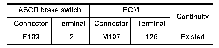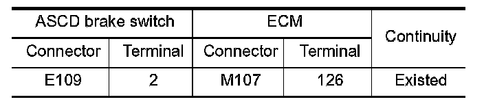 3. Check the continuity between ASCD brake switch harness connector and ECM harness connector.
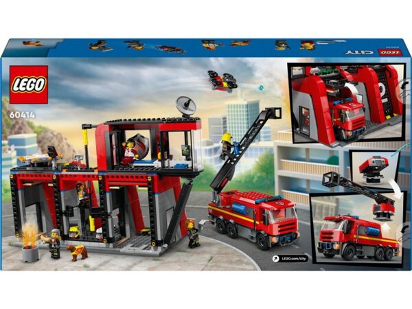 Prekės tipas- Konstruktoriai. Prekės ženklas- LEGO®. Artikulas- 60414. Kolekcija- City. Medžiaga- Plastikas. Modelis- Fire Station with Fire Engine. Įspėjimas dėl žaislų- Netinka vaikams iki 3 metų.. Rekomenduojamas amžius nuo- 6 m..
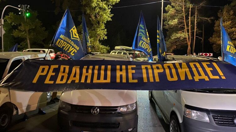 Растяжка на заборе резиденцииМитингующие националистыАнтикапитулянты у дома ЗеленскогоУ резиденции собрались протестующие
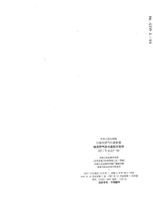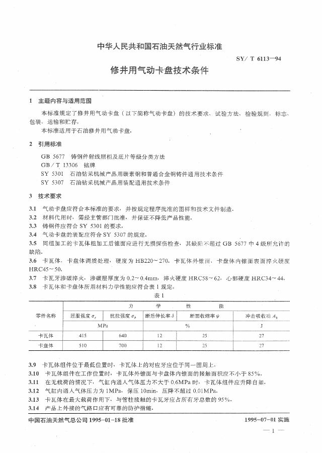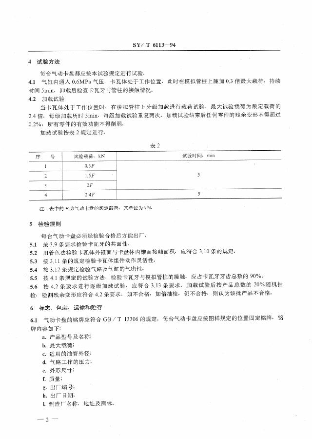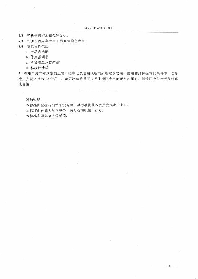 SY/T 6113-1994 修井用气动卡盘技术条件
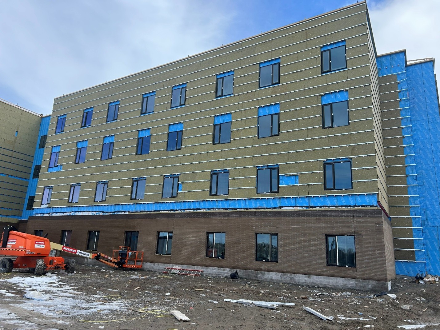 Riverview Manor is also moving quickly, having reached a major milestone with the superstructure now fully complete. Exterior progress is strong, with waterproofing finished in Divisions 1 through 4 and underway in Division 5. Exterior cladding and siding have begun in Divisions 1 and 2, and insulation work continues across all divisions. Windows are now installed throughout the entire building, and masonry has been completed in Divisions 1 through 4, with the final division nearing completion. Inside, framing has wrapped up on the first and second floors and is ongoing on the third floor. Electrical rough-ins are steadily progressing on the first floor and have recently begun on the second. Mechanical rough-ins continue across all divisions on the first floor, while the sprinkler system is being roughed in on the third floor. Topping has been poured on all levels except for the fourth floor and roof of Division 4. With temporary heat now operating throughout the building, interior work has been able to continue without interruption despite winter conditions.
···
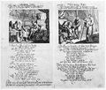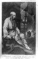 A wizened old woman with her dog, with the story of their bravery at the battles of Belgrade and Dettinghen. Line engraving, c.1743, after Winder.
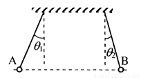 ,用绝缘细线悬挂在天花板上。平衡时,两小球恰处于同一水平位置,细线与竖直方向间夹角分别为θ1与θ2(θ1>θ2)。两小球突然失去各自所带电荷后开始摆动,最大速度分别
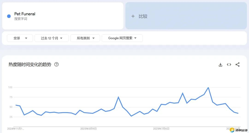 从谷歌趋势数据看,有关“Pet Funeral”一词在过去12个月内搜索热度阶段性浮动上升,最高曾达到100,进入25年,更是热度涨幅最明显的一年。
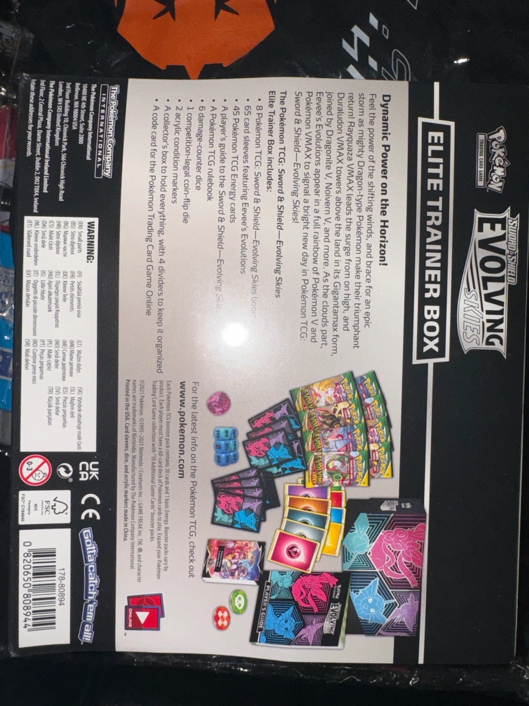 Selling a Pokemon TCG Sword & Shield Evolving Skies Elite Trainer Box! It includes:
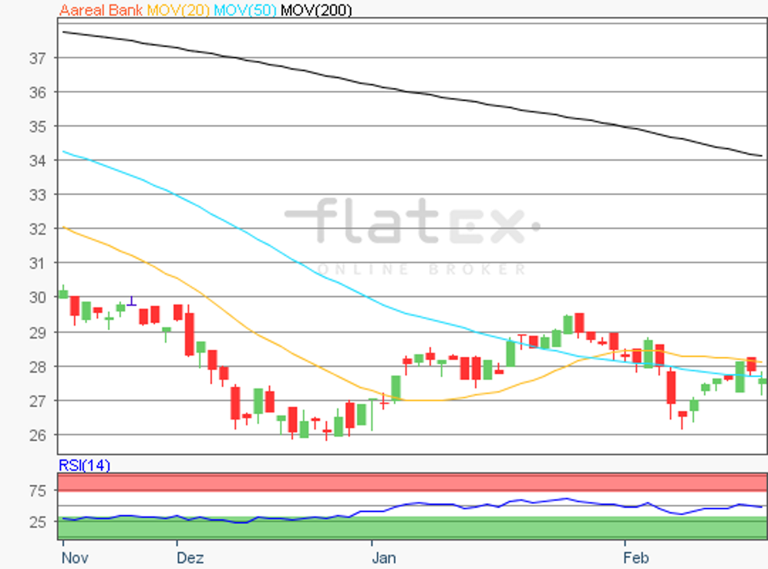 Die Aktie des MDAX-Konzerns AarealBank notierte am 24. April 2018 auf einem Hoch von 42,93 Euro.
···
Exactly the lines above, from the one containing "3. Check the" down to the one containing "Prekės tipas- Konstruktoriai.", are to be repeated, including both ends. Pictures are not part of the copy.

 3. Check the continuity between ASCD brake switch harness connector and ECM harness connector.
 Prekės tipas- Konstruktoriai. Prekės ženklas- LEGO®. Artikulas- 60414. Kolekcija- City. Medžiaga- Plastikas. Modelis- Fire Station with Fire Engine. Įspėjimas dėl žaislų- Netinka vaikams iki 3 metų.. Rekomenduojamas amžius nuo- 6 m..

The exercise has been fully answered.